• _Source material_

● ● ●

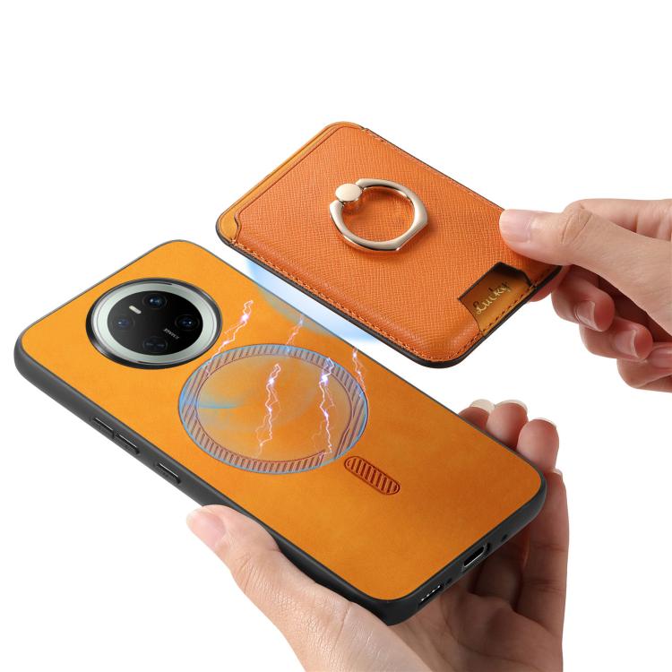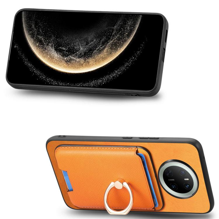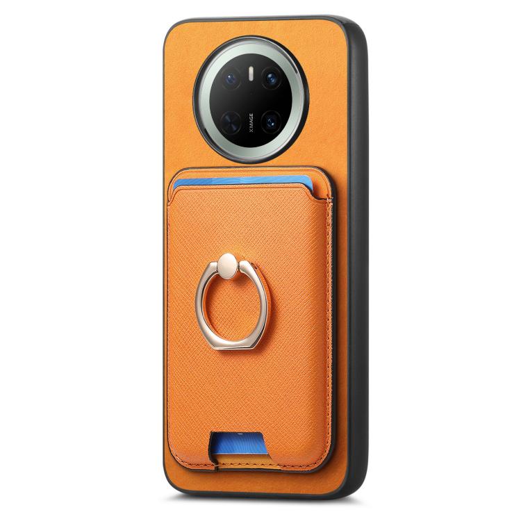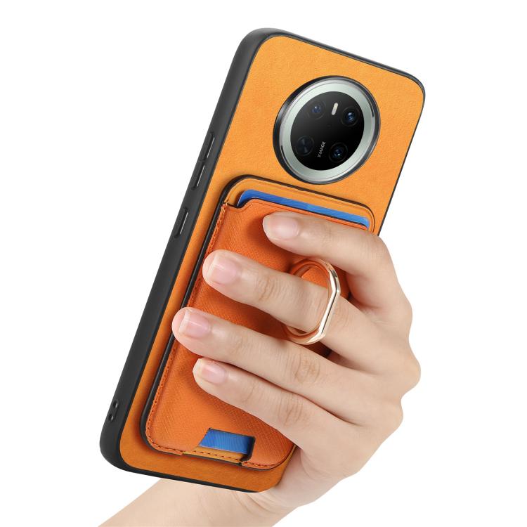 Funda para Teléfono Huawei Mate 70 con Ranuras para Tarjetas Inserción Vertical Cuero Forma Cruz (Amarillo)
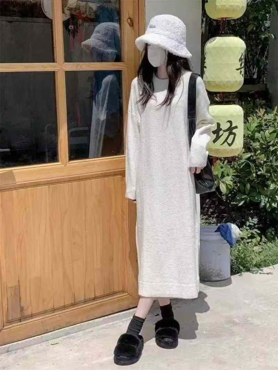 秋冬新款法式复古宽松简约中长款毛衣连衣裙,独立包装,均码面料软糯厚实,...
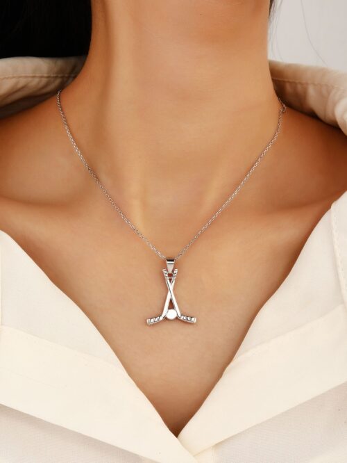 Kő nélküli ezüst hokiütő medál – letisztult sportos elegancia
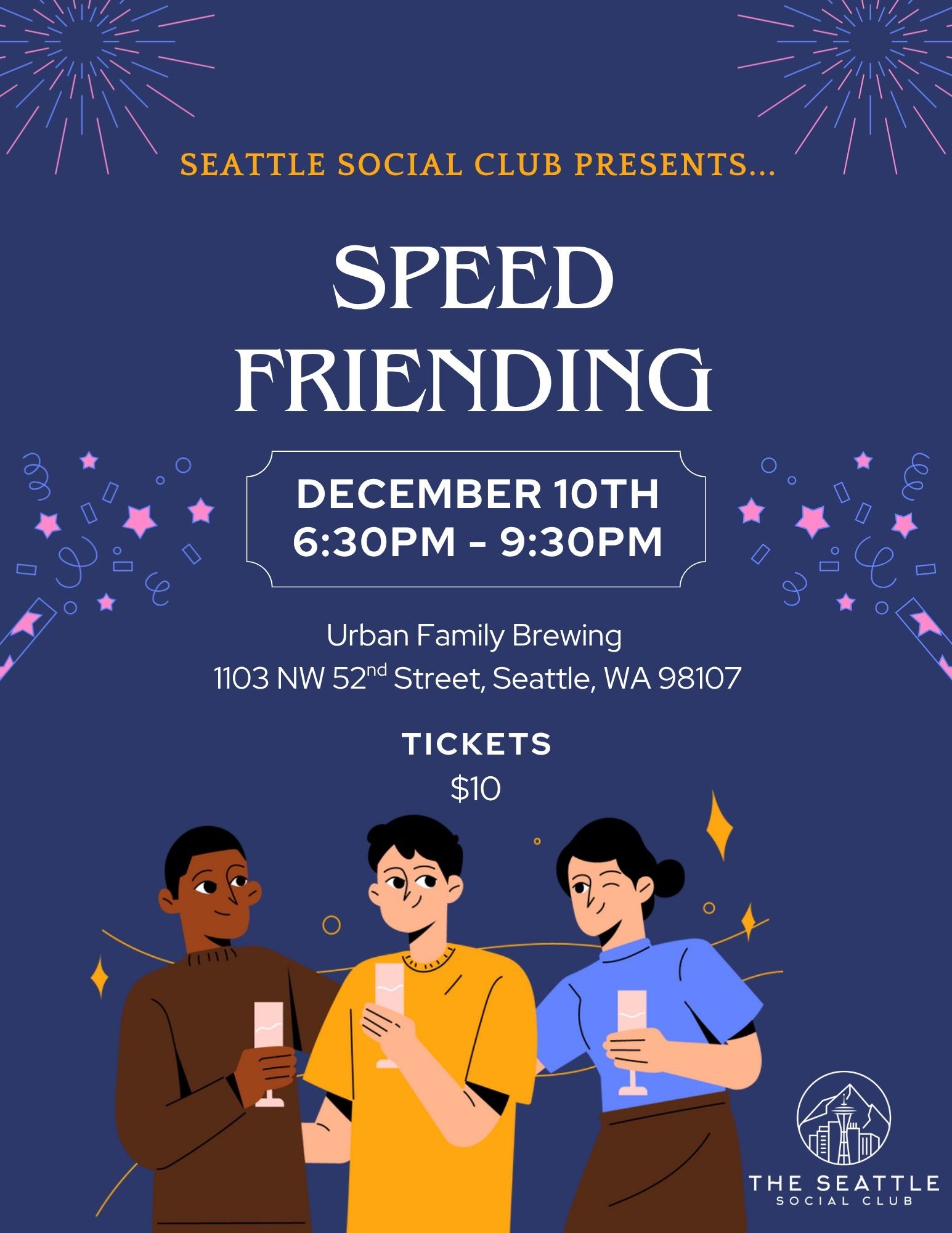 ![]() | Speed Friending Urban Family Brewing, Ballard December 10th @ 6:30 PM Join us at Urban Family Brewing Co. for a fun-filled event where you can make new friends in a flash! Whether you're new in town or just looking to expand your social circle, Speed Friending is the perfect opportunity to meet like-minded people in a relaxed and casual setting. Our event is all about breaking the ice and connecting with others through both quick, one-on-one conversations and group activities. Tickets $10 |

● ● ●

• _How to complete this task_
Every line above should be returned exactly; the pictures stay out.

• _Response to this task_
 Funda para Teléfono Huawei Mate 70 con Ranuras para Tarjetas Inserción Vertical Cuero Forma Cruz (Amarillo)
 秋冬新款法式复古宽松简约中长款毛衣连衣裙,独立包装,均码面料软糯厚实,...
 Kő nélküli ezüst hokiütő medál – letisztult sportos elegancia
 ![]() | Speed Friending Urban Family Brewing, Ballard December 10th @ 6:30 PM Join us at Urban Family Brewing Co. for a fun-filled event where you can make new friends in a flash! Whether you're new in town or just looking to expand your social circle, Speed Friending is the perfect opportunity to meet like-minded people in a relaxed and casual setting. Our event is all about breaking the ice and connecting with others through both quick, one-on-one conversations and group activities. Tickets $10 |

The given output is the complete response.